Sur les réseaux sociaux, les mots sont des maux… 

Supposés rapprocher et créer de la convivialité au sein des communautés du pays, Facebook, Twitter ou encore WhatsApp se voient chargés de missions « pas très nettes et pas très honnêtes », dénonce Oswald Baboke. En l’occurrence, servir de « grands boulevards de la diffamation et de la médisance automatique » aux mains (in)ingénieuses de « rapaces du Net », spécialistes du « Savoir-défaire ». Faut-il voir dans ce tableau la main naïve des seuls lanceurs d’alertes et influenceurs ? Sans doute que non. Le Ministre plénipotentiaire tacle aussi et à la régulière, ceux qui les instrumentalisent : les hommes politiques. Bah oui ! Oswald Baboke n’a pas froid aux yeux pour le dire.
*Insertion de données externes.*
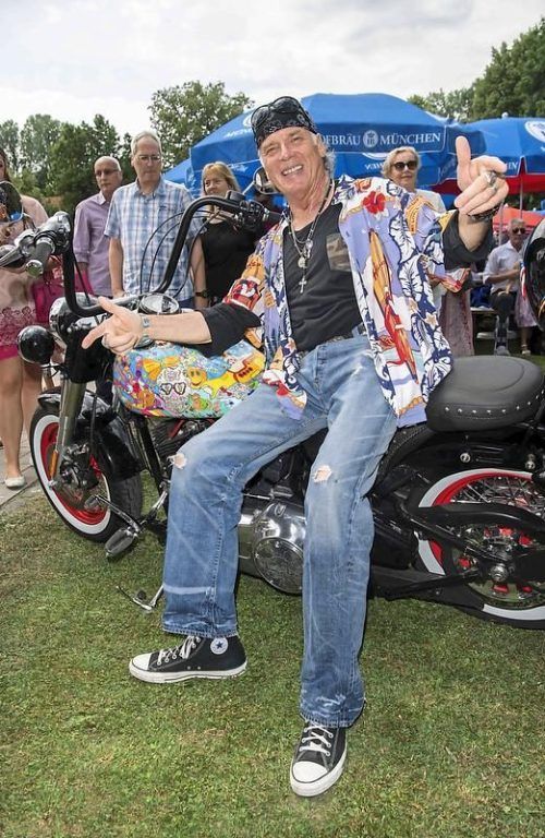 Motorradfan Wolfgang Fierek mit einer Harley Davidson bei einem Benefizfußballturnier in Ismaning

En effet, nombre d’acteurs de notre landerneau politique ont érigé en atavisme, de nouvelles « techniques » d’accession aux responsabilités administrives: pour les uns, il est question d’employer « le mot qui tue ». Ça passe ou ça casse.  Pour les autres, c’est « la divulgation de documents d’Etat pour calomnier les dirigeants aux affaires ». Un phénomène qui a pignon sur rue et dont la sédentarité n’a d’autre explication que l’institutionnalisation d’un réseau de fuites savamment constitué et lubrifié à coups de cash ou de « virements financiers ». La faute à ceux qui ont choisi le triste rôle de « serviteurs déloyaux » et de « pseudo-camarades ». Le Ministre Baboke n’épargne pas la presse, laquelle « se presse de se positionner en arrière-cour, au fond d’un décor de cannibalisme où les ténors et les tenants du pouvoir s’étripent, se martyrisent, se flagellent et se dynamitent sans élégance ni bienséance ». 

Débattons… !

L’on se souvient que dans son discours de fin d’année à la Nation, le 31 décembre 2019, le président de la République, Paul Biya, précisait que « Ce ne sont ni les réseaux sociaux, ni tel ou tel organe de presse qui peuvent changer les résultats d’une élection, encore moins les manifestations illégales, les violences et les attaques personnelles ou haineuses ». Oswald Baboke s’inscrit ostensiblement dans la même veine. Pour lui, l’arène politique ne doit aucunement cesser d’être « l’agora des performances et des compétences ». Et qui dit « compétences » dit capacité d’hausser son niveau de jeu (politique, intellectuel…), pour emprunter à la rhétorique sportive (c’est bientôt la CAN !). Alors : « Elevons le débat ! », lance-t-il aux flingueurs, aussi bien les commanditaires que leurs mercenaires.